## PROMPT
A verbatim copy of all the data is required, minus any images.

##### ENTRIES PROVIDED

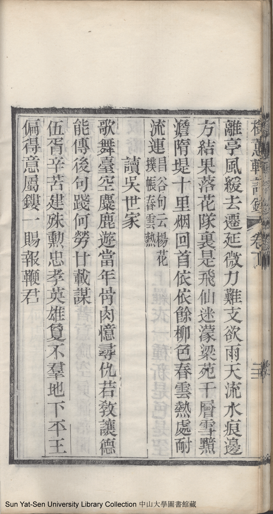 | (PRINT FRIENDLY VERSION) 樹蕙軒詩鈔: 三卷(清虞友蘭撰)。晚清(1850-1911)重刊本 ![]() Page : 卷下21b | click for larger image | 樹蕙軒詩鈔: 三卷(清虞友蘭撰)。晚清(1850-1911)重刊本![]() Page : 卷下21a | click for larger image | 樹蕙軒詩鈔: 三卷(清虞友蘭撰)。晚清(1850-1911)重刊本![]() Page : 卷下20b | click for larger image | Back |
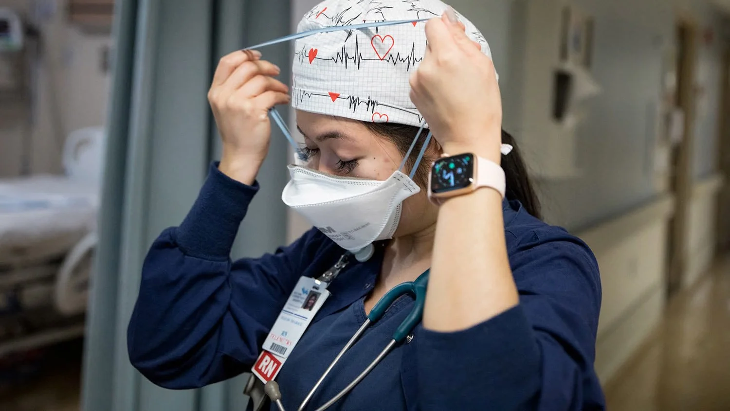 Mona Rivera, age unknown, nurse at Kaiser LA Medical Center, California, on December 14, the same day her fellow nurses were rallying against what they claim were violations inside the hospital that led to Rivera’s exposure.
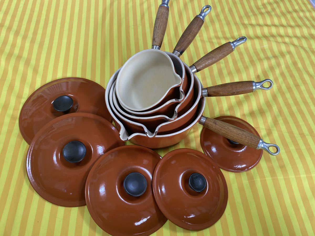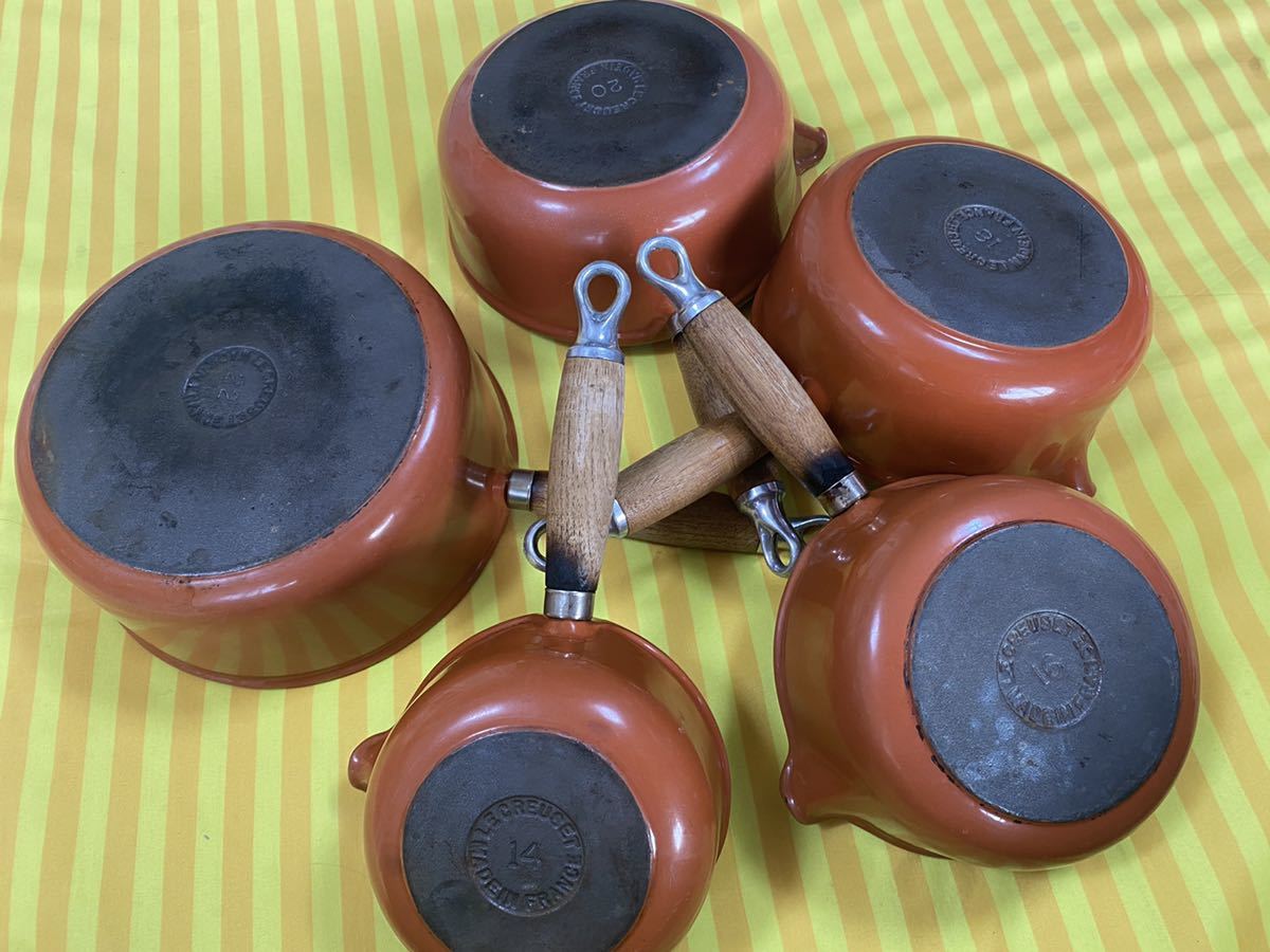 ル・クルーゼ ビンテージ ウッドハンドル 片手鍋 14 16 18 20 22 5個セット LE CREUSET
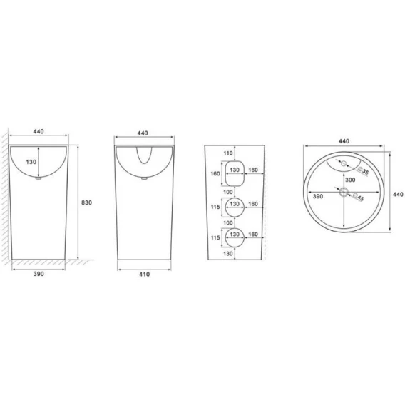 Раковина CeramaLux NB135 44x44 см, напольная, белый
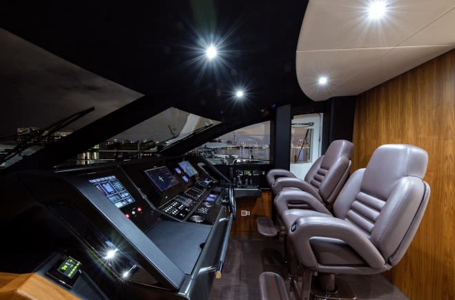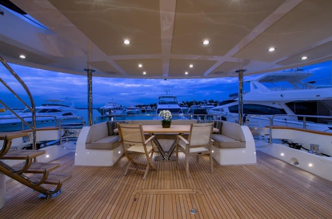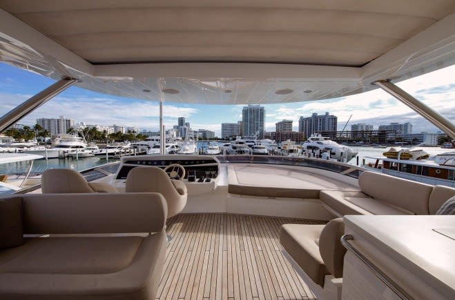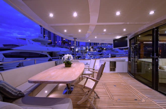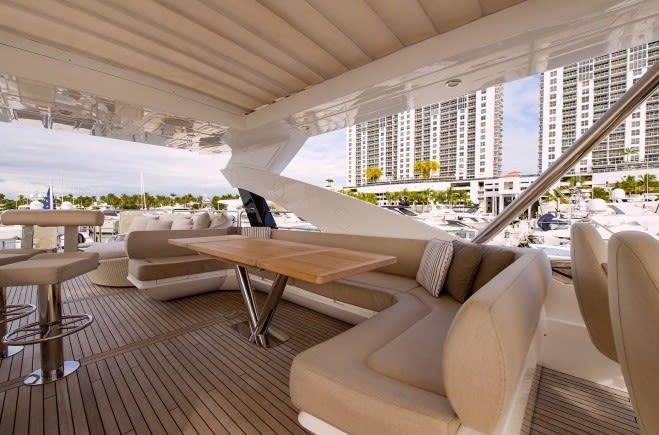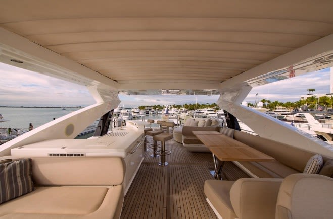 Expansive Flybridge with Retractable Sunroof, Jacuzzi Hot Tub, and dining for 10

##########

## WRITTEN RESPONSE
 | (PRINT FRIENDLY VERSION) 樹蕙軒詩鈔: 三卷(清虞友蘭撰)。晚清(1850-1911)重刊本 ![]() Page : 卷下21b | click for larger image | 樹蕙軒詩鈔: 三卷(清虞友蘭撰)。晚清(1850-1911)重刊本![]() Page : 卷下21a | click for larger image | 樹蕙軒詩鈔: 三卷(清虞友蘭撰)。晚清(1850-1911)重刊本![]() Page : 卷下20b | click for larger image | Back |
 Mona Rivera, age unknown, nurse at Kaiser LA Medical Center, California, on December 14, the same day her fellow nurses were rallying against what they claim were violations inside the hospital that led to Rivera’s exposure.
 ル・クルーゼ ビンテージ ウッドハンドル 片手鍋 14 16 18 20 22 5個セット LE CREUSET
 Раковина CeramaLux NB135 44x44 см, напольная, белый
 Expansive Flybridge with Retractable Sunroof, Jacuzzi Hot Tub, and dining for 10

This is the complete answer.